In the hold-out method, the dataset is divided into two parts initially: a training set and a test set.
The training set is used to train the model, and the test set is kept completely separate to evaluate the model’s final performance.
This method is straightforward and widely used when the dataset is sufficiently large.

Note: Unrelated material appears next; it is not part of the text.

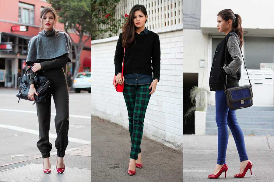 Для тех, кто выбирает, прежде всего, комфорт, также есть варианты выглядеть ярко и привлекательно. Классические брюки со стрелкой, брюки – палаццо топы постельных тонов, надетые под пиджак, также считаются одним из вариантов ответа «С чем носить красные туфли на низком каблуке?»
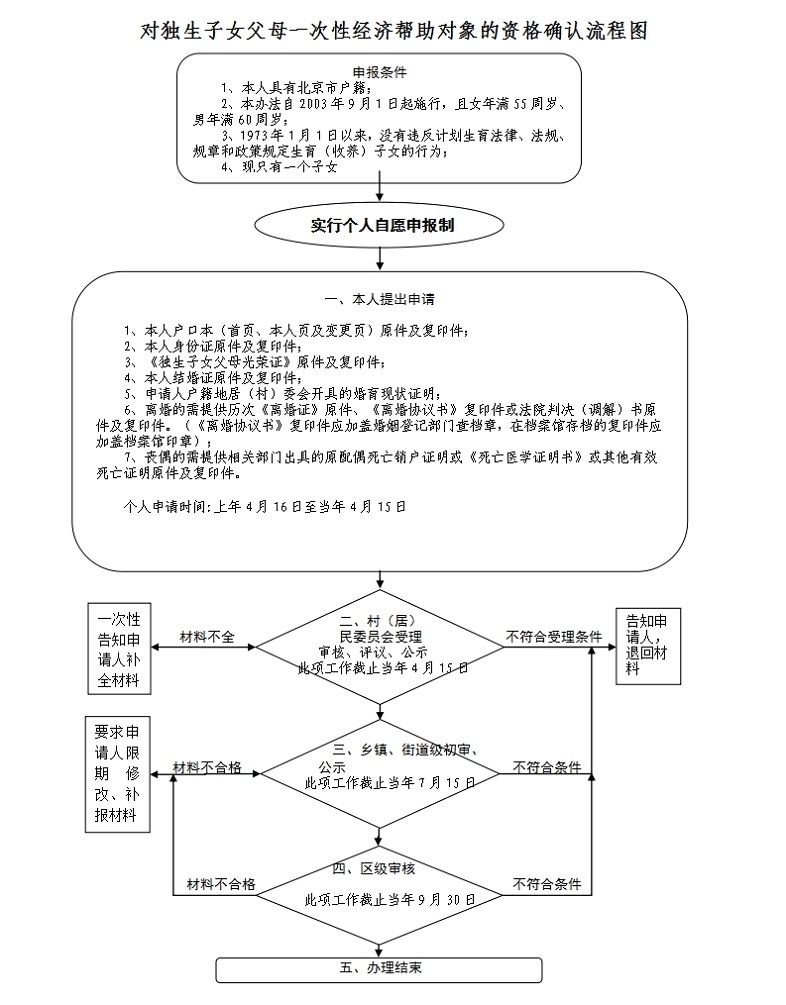 二、关于独生子女意外伤残、死亡后,对其父母的经济帮助 (一)领取条件: 1、独生子女父母凭《光荣证》、子女伤残或死亡的有效证明和双方单位证明(无单位的由户籍所在地村、居委会出具证明)领取。 2、“独生子女发生意外伤残致使基本丧失劳动能力的”的标准,参照北京市计划生育委员会和北京市卫生局《关于远郊区、县农民夫妇一方伤残申请生育第二个子女的规定》的附件“北京市远郊区、县农民夫妇一方伤残申请生育第二个子女审批标准”的第二项执行,由北京市计划生育委员会和北京市卫生局规定的市、区(县)指定医院进行检查鉴定。 (按照新修订文件为:“独生子女发生意外伤残致使基本丧失劳动能力”的标准,参照北京市人口和计划生育委员会 北京市卫生局《关于下发<北京市远郊区、县农村居民夫妇一方伤残申请生育第二个子女的规定〉的通知》(京人口发〔2004〕9号)规定执行。) (二)发放办法: 1、独生子女的母亲年满五十五周岁时,独生子女的父亲年满六十周岁时领取。 2、此项经济帮助,由领取人员户籍所在地的区、县人民政府发放。(来源:关于落实《北京市人口与计划生育条例》规定的有关奖励问题的通知)

Train-Validation-Test Split:

The dataset is split into three parts: the training set, the validation set, and the test set.
The training set is used to train the model, the validation set is used to tune hyperparameters and prevent overfitting during training, and the test set is used to assess the final model performance.
This method is commonly used when fine-tuning model hyperparameters is necessary.

K-Fold Cross-Validation:

In k-fold cross-validation, the dataset is divided into k subsets (folds) of roughly equal size.
The model is trained and evaluated k times, each time using a different fold as the test set while the remaining k-1 folds are used as the training set.
The final performance metric is calculated as the average of the k evaluation results, providing a more robust estimate of model performance.
This method is particularly useful when the dataset size is limited, and it helps in better utilizing available data.

Stratified Sampling:

Stratified sampling is used when the dataset is imbalanced, meaning some classes or categories are underrepresented.
The data is split in such a way that each subset (training, validation, or test) maintains the same class distribution as the original dataset.
This ensures all classes are well-represented in each subset, which is important to avoid biased model evaluation.

It’s important to note that the exact split ratios (e.g., 80-10-10 or 70-15-15) may vary depending on the problem, dataset size, and specific requirements. Additionally, data splitting should be performed randomly to avoid introducing any biases into the model training and evaluation process.

Data preprocessing completed!

We now have a function we can use throughout the lesson to preprocess our data which means we are ready to learn how to build a CNN like we used in the introduction.

Key Points

Image datasets can be found online or created uniquely for your research question.
Images consist of pixels arranged in a particular order.
Image data is usually preprocessed before use in a CNN for efficiency, consistency, and robustness.
Input data generally consists of three sets: a training set used to fit model parameters; a validation set used to evaluate the model fit on training data; a test set used to evaluate the final model performance.